Но Митя об этом и не думал. Он еще постоял так, с ножом в руке, немного, потом сунул его в карман и лег на раскладушку.

Костер между ними горел совсем небольшой, слабенький. То ли Никита поленился собрать много дров, то ли в долгом ожидании Мити он спалил большую часть собранных сучьев и теперь экономил топливо. Как бы то ни было, но более хилого костра в яме у кладбища Митя еще не видел.

Они сидели по разные стороны от огня и общались через него. Митя сам так сел сразу, когда пришел, специально. И с того момента не проронил еще ни одного слова.

Щурясь на еле живое пламя, а быть может, таким способом пряча глаза, Никита резонерствовал, при этом, по старой памяти, называя своего собеседника Димоном.

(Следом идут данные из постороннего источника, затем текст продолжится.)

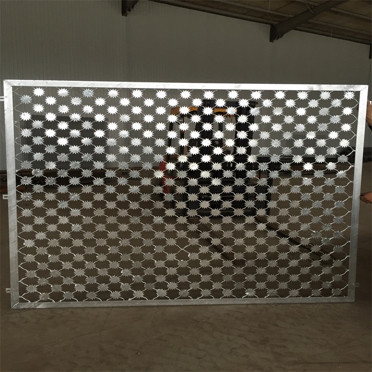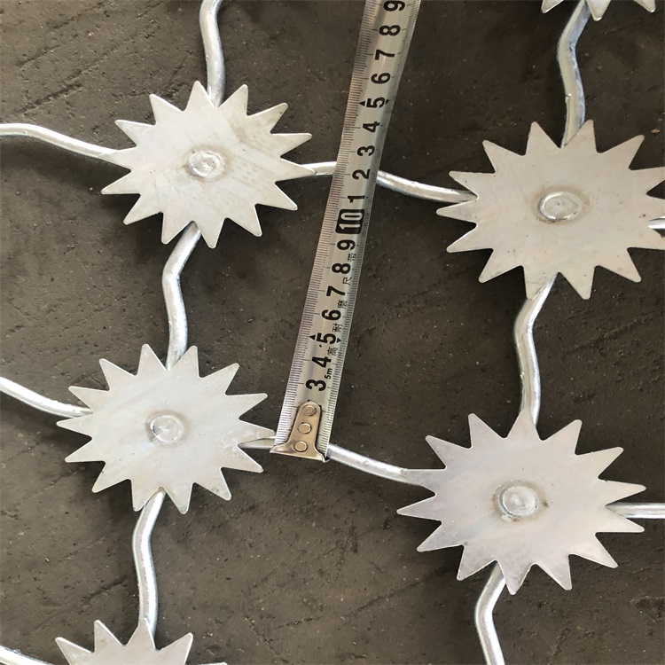 1、梅花刺片防護(hù)網(wǎng):梅花刺片片直徑不小于7.5cm(直徑6cm、7cm、8cm),刺片厚1.5mm,采用Q235低碳鋼板沖壓成型。梅花刺片片用氬弧焊將梅花形刺片焊接在美格網(wǎng)的節(jié)點(diǎn)上,形成刺形保護(hù),有效的防止了手握腳攀。

— Я понимаю, обидно. Конечно, обидно. Но кое в чем, старик, ты и сам виноват. Знаешь, Димон, я ведь тебе с самого начала симпатизировал, ты мне нравился. Остальные не в счет. Майк там, Гарик, Лысый… Видишь, я их всех разогнал, чтобы только с тобой одним встретиться. Ты мне и сейчас… Ну, как бы тебе… Ты мне по душе. Но понимаешь, Димон, есть в жизни такие вещи, которые тебе пока недоступны. Нет, не потому, что кто там глупее или умнее, просто живем мы по — разному. Ты там, мы здесь, и жизнь здесь другая. Вот это ты должен понять. Сложно здесь, очень сложно. Но это наш мир. У тебя вот отец, мать, у меня тоже мать, отец умер. И, кроме матери, никто не работает. А что она заработает — ничего. Ну и не в этом дело. У Лысого вон, считай, вообще только тетка, и та старая. А у нас даже дом второй еще есть в Бузырино, от деда остался, ну ты вчера его видел. В общем… Да…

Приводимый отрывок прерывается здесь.